Before the weariness set in, I did watch the show. When Lil E and I lived with my parents, we either watched or heard each episode detailed by my mother, who is delighted by all reality TV that involves a) small children, b) fashion, c) island challenges, and 4) food. Lil E and my mother were equally squealy to see kids Lil E's age times six, with two older, bossy girls corralling them through the house. When Lil E and I moved into our own place, we'd sometimes glory in the fact that we had our own cable and we watched old episodes while unpacking boxes and arranging pillows on the floor until we got furniture a few months later.

It all seemed innocent enough then, barring a yelly mommy with bad hair and a doh-dee-doh-dee-doh daddy and the tension of bringing so many children out of womb at one time. I no longer had the time or energy or emotional reserve to commit to any of the many television shows I formerly watched. And so there they were every once in a while, Jon and Kate and all their maniacal outings with too many children.

In the past few months, I've paid some attention to their lives off-screen. How could you not? I've oscillated in my sympathies, first rolling at my eyes at the all too familiar cheating husband and then watching in horror at the footage of Kate denying her daughter water while she sipped from a bottle herself. I felt for her, for them, but I was done. I didn't need to watch more.

So I am not sure how or why I ended up tuning in to the BIG ANNOUNCEMENT episode tonight. But I clicked on it and never looked away.

What I saw, what I heard saddened me more deeply than I anticipated. It saddened me because the words they each said -- about choosing to separate, about trying to find happiness, about hoping for friendship, about having absolutely no relatioship left with the person they are married to -- sounded so damn familiar. Except for the bit about striving for friendship (no thanks), it could have been a script out of my own divorce.

I don't feel sorry for Jon because I don't understand how a person can choose such a damaging, unfair, disrespectful way to leave a family, all in the name of finding himself. I do feel for Kate, not as the cringe-worthy mother but as wife on the end of all that other crap, and only because I understand how scary and sad it is to face the end of a love affair and the beginning of being the official primary parent.

Of course, I feel for the kids.

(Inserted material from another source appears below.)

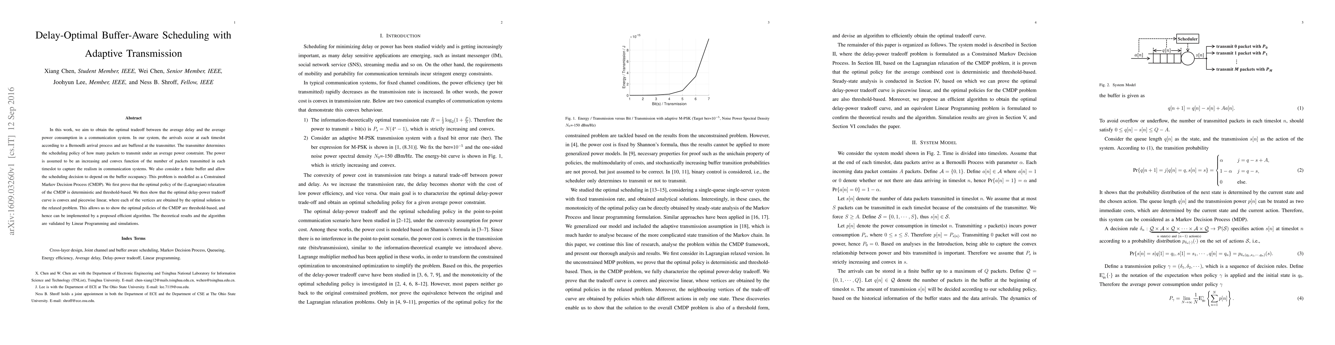This research paper develops an algorithm for optimizing delay-power tradeoff in communication systems with buffer-aware scheduling, showing that the optimal policy is threshold-based and can be efficiently implemented.

Oh, those kids. But that's not what surprised me. It surprised me that I ached in relating to the parents.

Sure, they have cameras and access and money now. One day, the show will be cancelled and the parents will be left with split holidays and kids trying to play Jon against Kate. One day, the kids will be awkward teens and taller and louder than their mother's yelling and overhear the dad complaining about child support or never really completely escaping Kate's control. I mean, unless by luck or the grace of God, something goes differently for that family than too many others.

I am not Kate Gosselin and I am the mother of one child. But I have certainly had my yelly mommy moments, had horrible hair (and skin), acted out and been a bitch out of a need to be right or ahead or in control. That said, I also did my very best to get through my divorce. It wasn't always pretty.And I certainly am glad it wasn't all captured on camera or splashed across magazines. That was (and is) their choice, but divorce doesn't care if you are famous or not. It brings the bullshit no matter who you are or how much money or how many kids you have.

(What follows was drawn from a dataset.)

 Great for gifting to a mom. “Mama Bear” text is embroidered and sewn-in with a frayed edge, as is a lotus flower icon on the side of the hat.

But maybe, they really will find happiness outside of their marriage, the family that was, possibly even the show. I was as full of pain and anger and fear that I imagine Kate is right now, and I have found more happiness than I ever dreamed. Than I ever dreamed when I first filed for divorce, and even long before I realized my marriage was over.

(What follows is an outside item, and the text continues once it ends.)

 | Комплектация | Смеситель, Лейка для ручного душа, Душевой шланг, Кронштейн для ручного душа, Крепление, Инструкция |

Not all divorcing or divorced people are the same. This I know. But I can't deny the similarities that I saw and heard tonight. I can't watch Jon & Kate anymore, but I also can't pretend that there's not some reality behind that reality TV.


June 21, 2009

Behind my own scene: Getting ready for the Gabbys

DSCN1108 Yes, this is out of order. And yes, I know I am backtracking a bit, and I am sure you will forgive me since I've been all kinds of codeined and ZPac-ed in bronchitis hell. Before I headed off for a fun night of honoring Greek Americans, shaking it a little bit to the "voice of Greece" Glykeria (whatever this woman is doing in the motherland is working...she's 54, looks amazing and clearly has fireball energy), and wishing I could have squeezed my camera into my overstuffed clutch so I could bring you all pics of the phenomenal shoes I observed on lovely Greek lady feet, I turned my bathroom into a salon while Lil E documented Mommy "getting so so fancy."

Here's the scene, from his vantage point. [After the jump as not to overload the old blog with bathroom pics.]

Continue reading "Behind my own scene: Getting ready for the Gabbys" »

June 19, 2009

Liveblogging the Gabby Awards: Moving on to the after-party

I'll be honest, no swag bag in the world is going to convince me to see My Life In Ruins. But Nia Vardalos, in her swingy mint dress ans with her quippy presenter comments, was engaging and funny and reminded me of many of my own grrrls. But there' s no time to ponder cinema. We're already on to the after-party with dinner (at last) and drinks (ahhh) and lots of people-watching. Bloghers, you will be ecstatic to know the after-events are at the same hotel we will be oggling each other geekside in just over a month. This event, though, has been styled like an HGTV wedding that makes you want to go through your own ceremony all over again. The chandeliers have been draped in transluscent gold hoops and there are flute vases of palms framing each table. Insignia-ed lamps outline a VIP area where white couches and fuschia centerpieces create a sexy lounge on the dance floor. Considering most everyone is a Greek American, it is an incredibly diverse crowd. Don't you love that? So Chicago... I'm having a blast and have (almost) forgotten not to breathe on everyone around me. P.S. One more lovely note...my gentleman friend's video caused both tears and cheers and so, in the loveliest thank you, they played it again at the end of the awards show.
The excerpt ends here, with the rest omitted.